Entries taken from a collection
——————
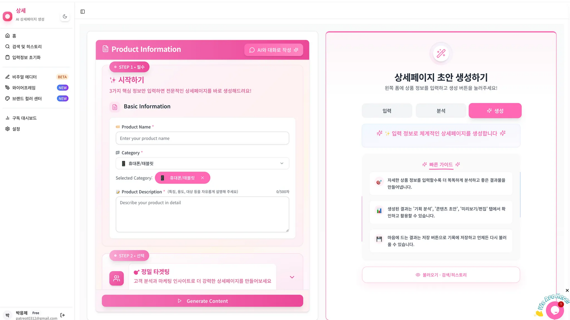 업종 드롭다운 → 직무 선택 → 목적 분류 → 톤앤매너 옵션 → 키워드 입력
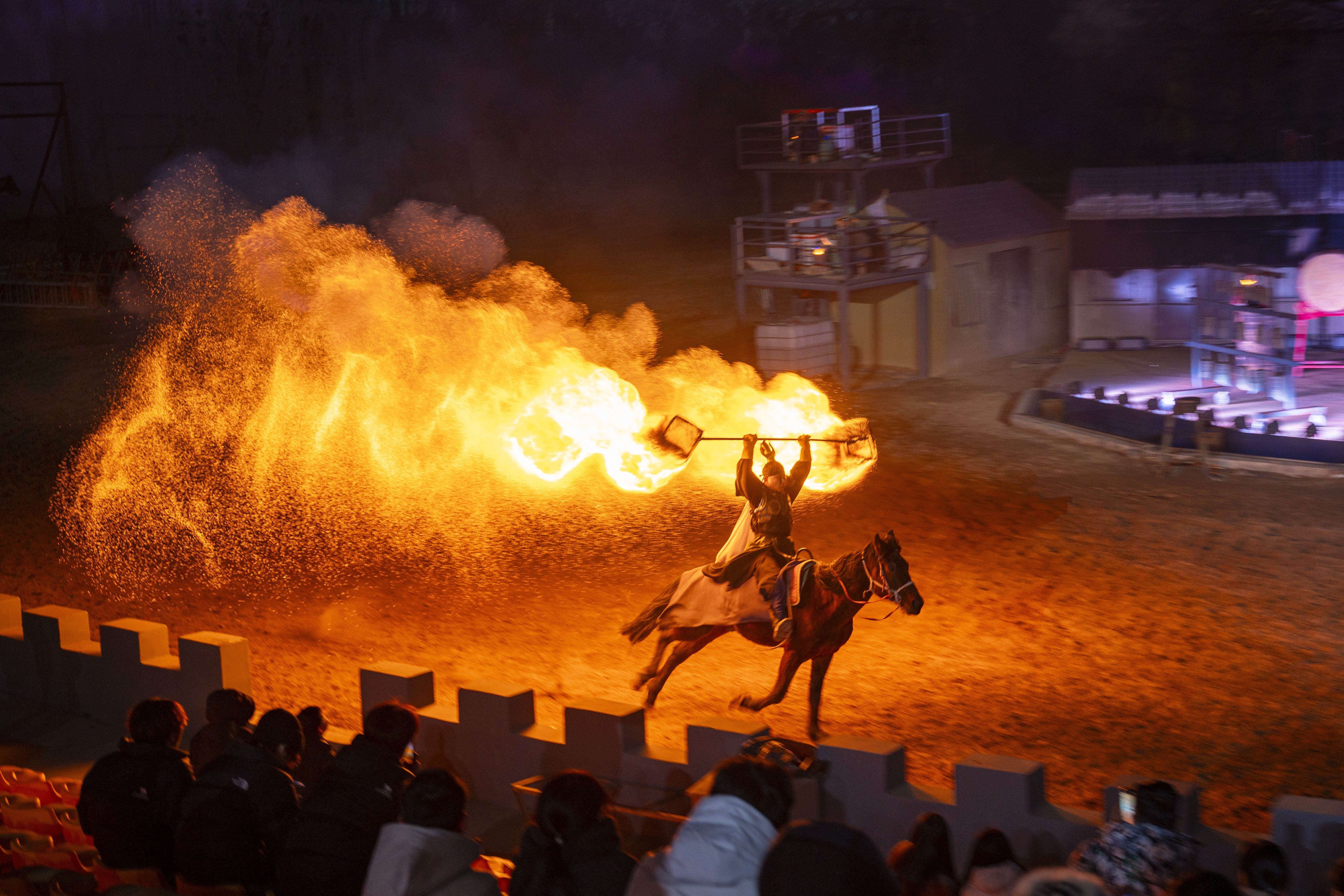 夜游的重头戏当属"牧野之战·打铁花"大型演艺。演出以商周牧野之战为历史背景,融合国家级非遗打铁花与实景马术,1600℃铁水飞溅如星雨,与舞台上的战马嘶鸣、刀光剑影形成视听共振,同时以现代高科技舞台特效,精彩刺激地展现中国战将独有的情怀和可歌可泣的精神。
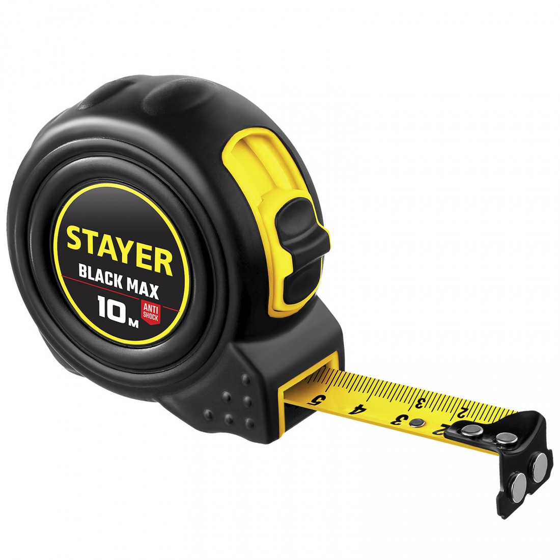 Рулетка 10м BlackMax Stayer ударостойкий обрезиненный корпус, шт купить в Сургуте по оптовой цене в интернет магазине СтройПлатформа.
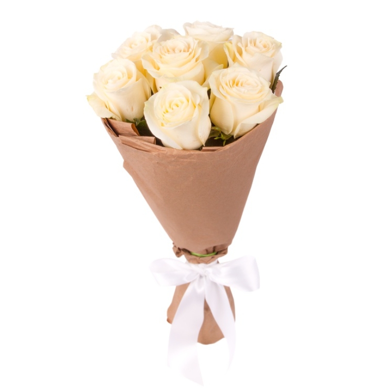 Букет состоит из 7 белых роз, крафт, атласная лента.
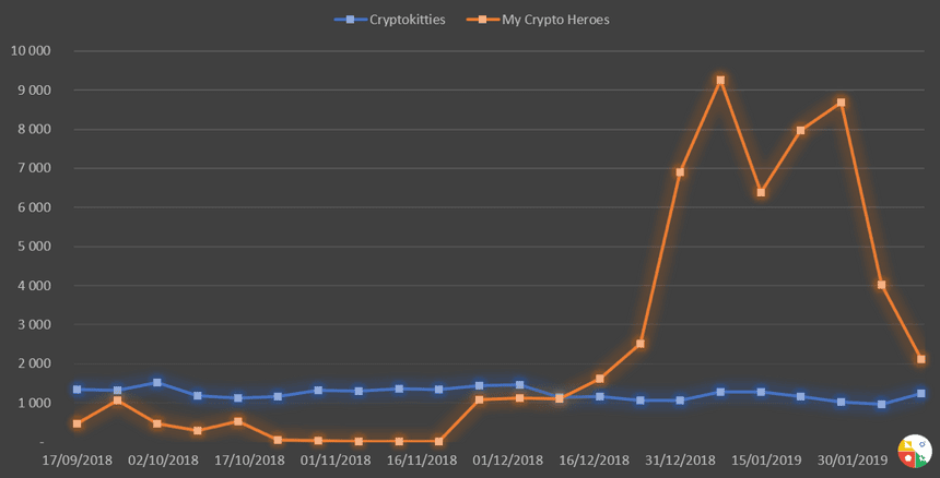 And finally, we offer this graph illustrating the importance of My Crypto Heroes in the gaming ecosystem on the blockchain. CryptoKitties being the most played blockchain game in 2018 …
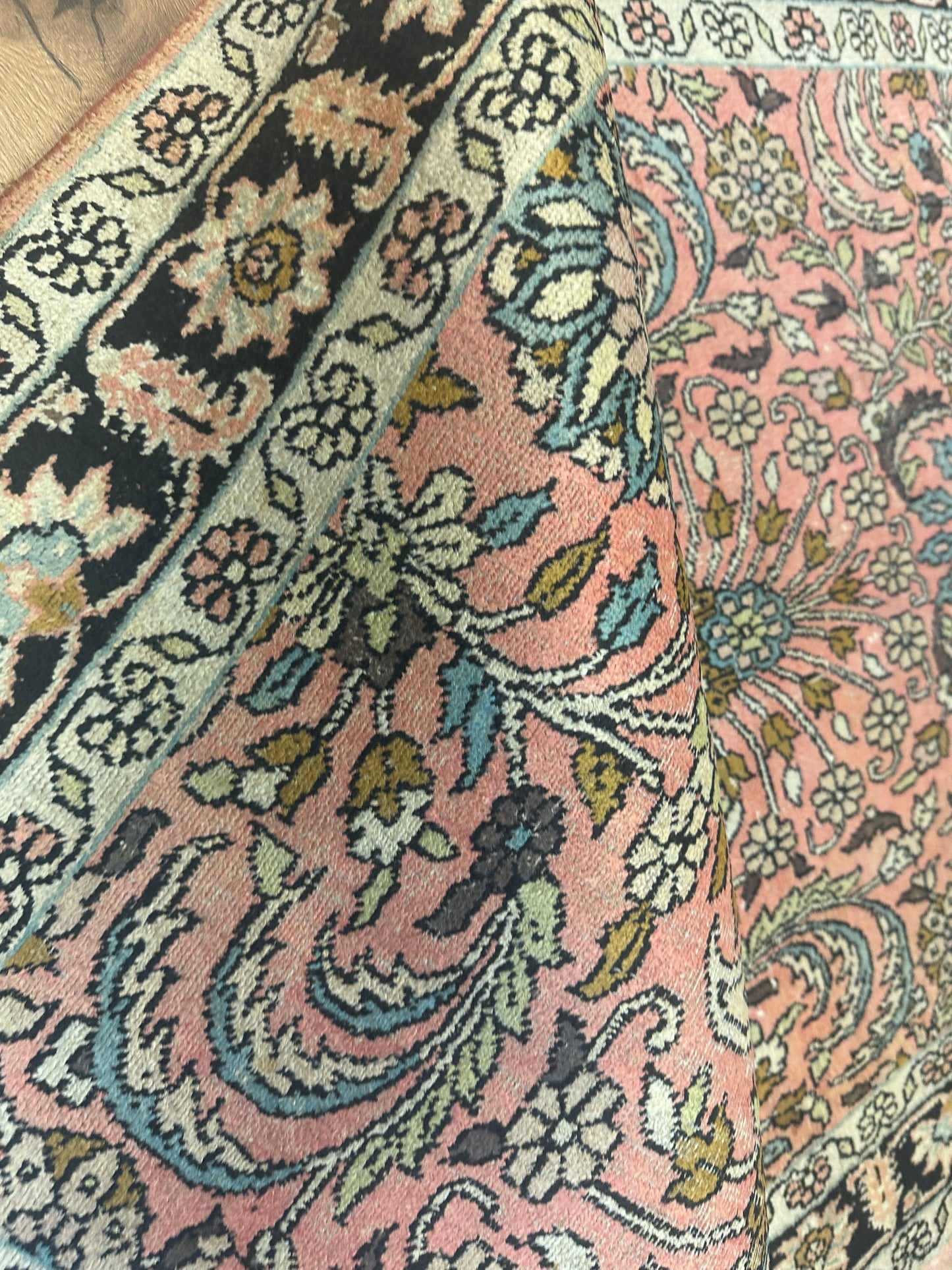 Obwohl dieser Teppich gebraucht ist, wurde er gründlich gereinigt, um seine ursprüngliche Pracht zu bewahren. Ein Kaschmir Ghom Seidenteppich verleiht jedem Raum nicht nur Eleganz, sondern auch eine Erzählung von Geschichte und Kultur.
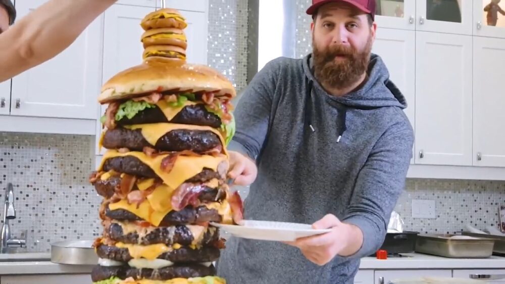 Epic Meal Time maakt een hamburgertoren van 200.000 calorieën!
——————
__What you are asked to do__. Copy out all the data exactly, skipping the pictures.

__Answer to the problem__.
 업종 드롭다운 → 직무 선택 → 목적 분류 → 톤앤매너 옵션 → 키워드 입력
 夜游的重头戏当属"牧野之战·打铁花"大型演艺。演出以商周牧野之战为历史背景,融合国家级非遗打铁花与实景马术,1600℃铁水飞溅如星雨,与舞台上的战马嘶鸣、刀光剑影形成视听共振,同时以现代高科技舞台特效,精彩刺激地展现中国战将独有的情怀和可歌可泣的精神。
 Рулетка 10м BlackMax Stayer ударостойкий обрезиненный корпус, шт купить в Сургуте по оптовой цене в интернет магазине СтройПлатформа.
 Букет состоит из 7 белых роз, крафт, атласная лента.
 And finally, we offer this graph illustrating the importance of My Crypto Heroes in the gaming ecosystem on the blockchain. CryptoKitties being the most played blockchain game in 2018 …
 Obwohl dieser Teppich gebraucht ist, wurde er gründlich gereinigt, um seine ursprüngliche Pracht zu bewahren. Ein Kaschmir Ghom Seidenteppich verleiht jedem Raum nicht nur Eleganz, sondern auch eine Erzählung von Geschichte und Kultur.
 Epic Meal Time maakt een hamburgertoren van 200.000 calorieën!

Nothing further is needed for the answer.